Learn more about networking in GKE
To learn more about best practices in GKE Networking, start here.
AI Summary and Description: Yes
Summary: The text discusses the challenges of IP address exhaustion in Google Kubernetes Engine (GKE) as organizations scale their applications. It highlights the advantages and considerations of using Class E IPv4 addresses (240.0.0.0/4) as a solution to this issue, while also sharing a real-world example of Snap’s successful implementation.
Detailed Description:
The article focuses on the increasing need for IP address allocations as applications grow in the Google Kubernetes Engine (GKE). It examines the use of Class E IPv4 addresses (240.0.0.0/4) as a solution for organizations facing RFC 1918 address exhaustion. Here are the key points:
– **IP Address Exhaustion Challenge**: As more applications are hosted on GKE, the scarcity of private IPv4 addresses leads to difficulties in scaling operations for many large organizations.
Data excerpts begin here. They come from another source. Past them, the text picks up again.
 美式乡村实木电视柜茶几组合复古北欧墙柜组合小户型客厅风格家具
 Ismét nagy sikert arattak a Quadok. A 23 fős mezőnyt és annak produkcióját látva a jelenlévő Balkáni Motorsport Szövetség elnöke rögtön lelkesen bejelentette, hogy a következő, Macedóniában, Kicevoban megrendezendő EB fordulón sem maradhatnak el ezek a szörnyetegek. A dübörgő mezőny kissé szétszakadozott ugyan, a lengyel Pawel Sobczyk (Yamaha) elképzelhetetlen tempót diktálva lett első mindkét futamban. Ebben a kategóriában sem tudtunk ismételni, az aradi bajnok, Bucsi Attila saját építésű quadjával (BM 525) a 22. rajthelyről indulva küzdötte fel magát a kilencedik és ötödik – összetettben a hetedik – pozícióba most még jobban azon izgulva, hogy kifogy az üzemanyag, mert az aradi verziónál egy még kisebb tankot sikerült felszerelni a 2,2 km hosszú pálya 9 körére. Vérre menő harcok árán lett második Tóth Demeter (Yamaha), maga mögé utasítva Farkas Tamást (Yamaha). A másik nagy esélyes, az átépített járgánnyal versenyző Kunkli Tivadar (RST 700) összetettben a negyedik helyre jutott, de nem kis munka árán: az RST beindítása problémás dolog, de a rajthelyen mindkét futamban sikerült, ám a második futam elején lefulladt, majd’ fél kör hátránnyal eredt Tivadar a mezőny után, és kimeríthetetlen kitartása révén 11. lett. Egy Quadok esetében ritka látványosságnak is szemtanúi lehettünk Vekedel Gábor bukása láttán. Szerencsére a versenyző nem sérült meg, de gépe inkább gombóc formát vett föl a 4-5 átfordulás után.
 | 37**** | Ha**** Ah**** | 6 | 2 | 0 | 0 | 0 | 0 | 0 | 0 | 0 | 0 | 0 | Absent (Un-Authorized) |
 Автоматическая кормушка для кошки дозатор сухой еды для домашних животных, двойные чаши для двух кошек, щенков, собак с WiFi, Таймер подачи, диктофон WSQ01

– **IPv6 as a Solution**: Although IPv6 addresses provide a vast pool of IP addresses, many enterprises are not yet prepared to fully transition to IPv6.
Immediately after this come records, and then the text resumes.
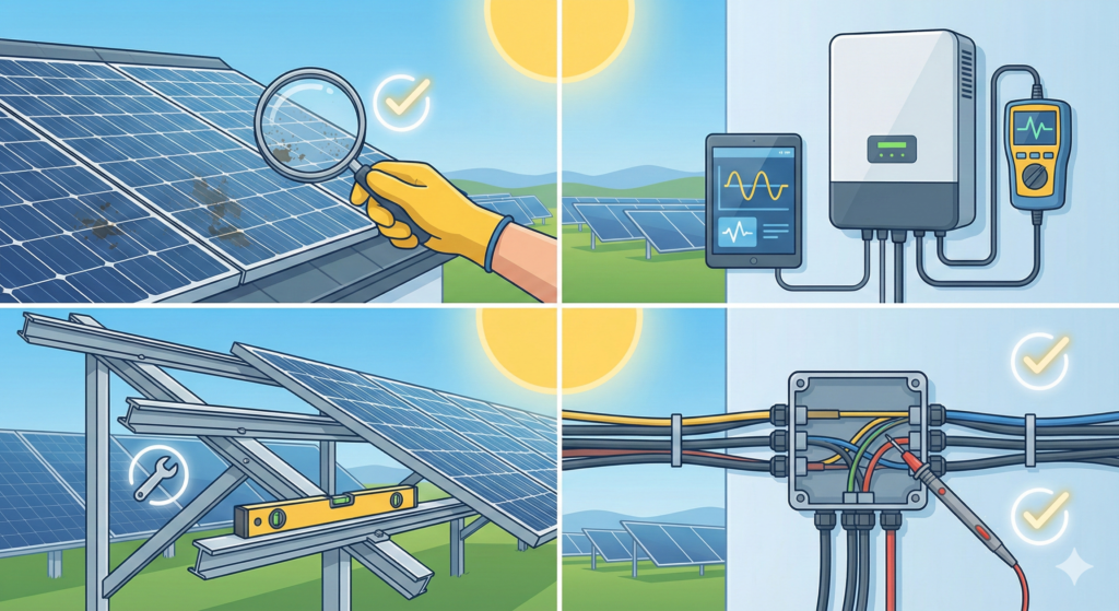 太陽光発電所の保守点検では、複数の設備を体系的にチェックする必要があります。それぞれの設備には固有の劣化パターンと故障リスクがあり、見逃すと発電ロスや停止につながります。ここでは、メガソーラー規模で特に重要な4つの対象設備と、それぞれで確認すべき具体的なポイントを実務的に解説します。投資家自身が点検報告書を読み解く際にも、これらの項目が網羅されているかを確認する基準として活用できます。
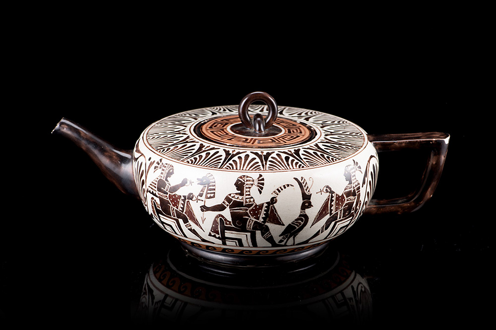 Manifattura Giustiniani, Napoli, secolo XIX. Teiera in terraglia con decorazione 'alla maniera dell'antico Egizio' con figure di profilo intervallate da volatili in nero e rosso su fondo bianco avorio. Corpo globulare schiacciato con parte superiore piatta decorata a palmette a fascia continua in bruno, ansa a cordone spezzato e beccuccio versatore in bruno. Sotto al piede e al coperchio è incusso il numero 2 (d. del corpo cm. 19, h. cm 12) (sbeccature)
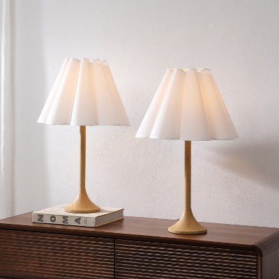 JONATHAN Y Abel 25.5" Modern Coastal Pleated Shade Faux Wood Column LED Table Lamp, Brown Wood Finish (Set of 2)
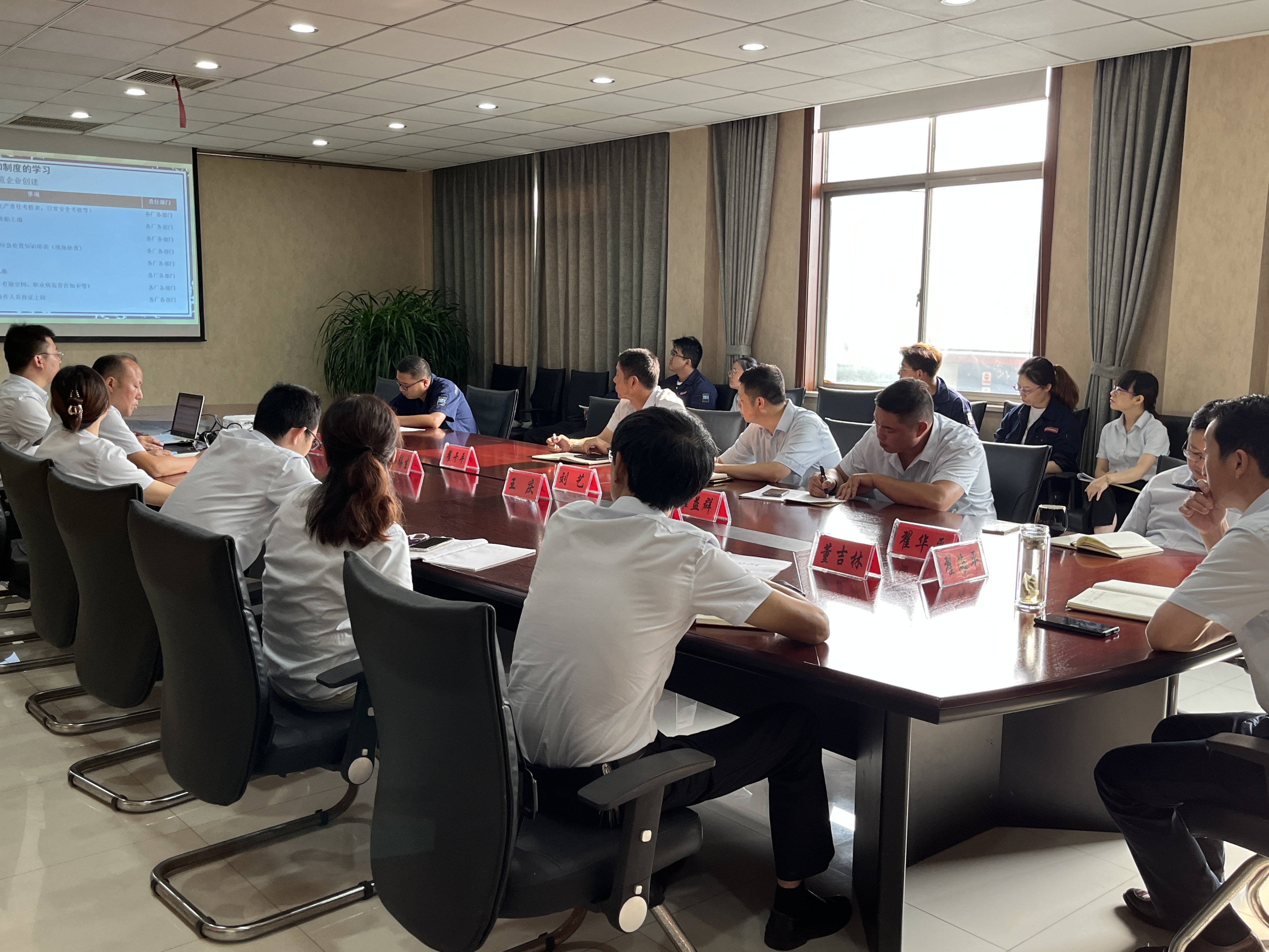 公司各部门领导人共同学习内外部政策法规、通知制度等。加强安全生产意识,各种生产设备要做到维护保养、定期自检等等事项。
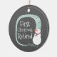 Primera Navidad Retirada Personalizada Cute Snowman Ceramic Ornament. Personalice la información de su personalizado en la parte frontal y posterior.
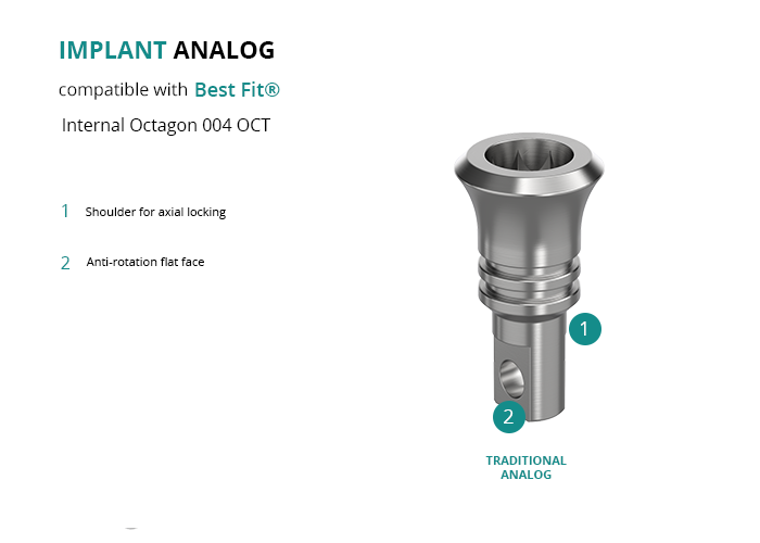 The GT-Medical analog compatible with the Best Fit® Internal Octagon 004 OCT implant line is made of Stainless Steel, has a diameter of 5.9mm, and accurately replicates the connection of this Best Fit® implant.
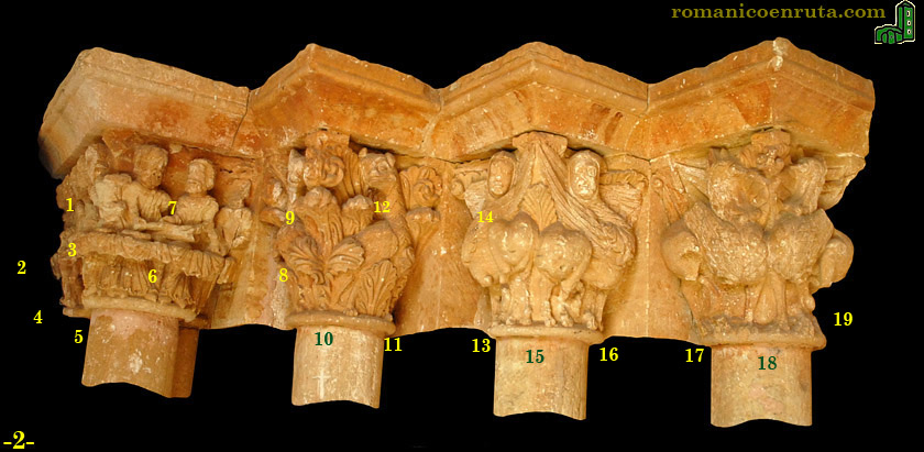 En la foto 2 os detallamos la decoración figurativa que contienen las cestas de los cuatro capiteles del lado izquierdo de la portada. Sobre las columnas pareadas de la parte externa, una Última Cena se dispone ocupando las dos cestas (enlace 5). Jesús está en el centro de la cara frontal, con nimbo cruciforme; a su diestra se aprecian tres apóstoles y otros dos a su izquierda. A los pies de Jesucristo, por delante de la mesa, se distingue una mano sobre una rodilla que corresponden a Judas arrodillado (enlaces 1/2/3); en el lado derecho del capitel se ubican otros cuatro apóstoles (enlaces 4/6/7), dos de ellos decapitados.

– **Class E IPv4 Addresses**: Class E addresses, while reserved for future use, can be utilized under certain circumstances on Google Cloud VPC and can alleviate the scarcity of traditional private IPv4 addresses.
– **Misconceptions Addressed**:
– Class E addresses are compatible with many Google services.
– They enable communication with external services using NAT or IP masquerading.
– There are no inherent performance limitations compared to traditional IP ranges.
– **Benefits of Using Class E Addresses**:
– **Vast Address Space**: Class E addresses offer approximately 268.4 million addresses, significantly exceeding the capacity of RFC 1918, which offers about 17.9 million addresses.
– **Scalability and Growth**: Organizations can smoothly scale applications in GKE without the constraints of limited address space.
– **Efficient Resource Utilization**: Helps in minimizing address conflicts and optimally manages IP resources.
– **Future-Proofing Infrastructure**: Early adoption may prepare organizations for future increases in IP address demand.
– **Considerations Before Adoption**:
– **Operating System Compatibility**: Verify that the chosen systems support Class E addressing.
– **Networking Equipment**: Ensure that routers and firewalls are capable of handling Class E addresses.
– **Careful Migration Planning**: Transitioning from RFC 1918 to Class E requires strategic planning.
– **Case Study – Snap**: Snap faced severe IP exhaustion challenges due to the high deployment of pods in GKE. Rather than fully migrate to IPv6, they implemented a dual-stack system (IPv6 + Class E) that effectively doubled their available IP capacity and removed address exhaustion challenges.
– **Configuration Guidance**: The article provides detailed steps for configuring new clusters with Class E and migrating existing clusters, addressing both modern requirements and legacy system compatibility.
This analysis underscores the relevance of Class E addressing in the context of cloud networking and compliance, offering significant strategic value for security and infrastructure professionals engaged with large cloud environments and container orchestration.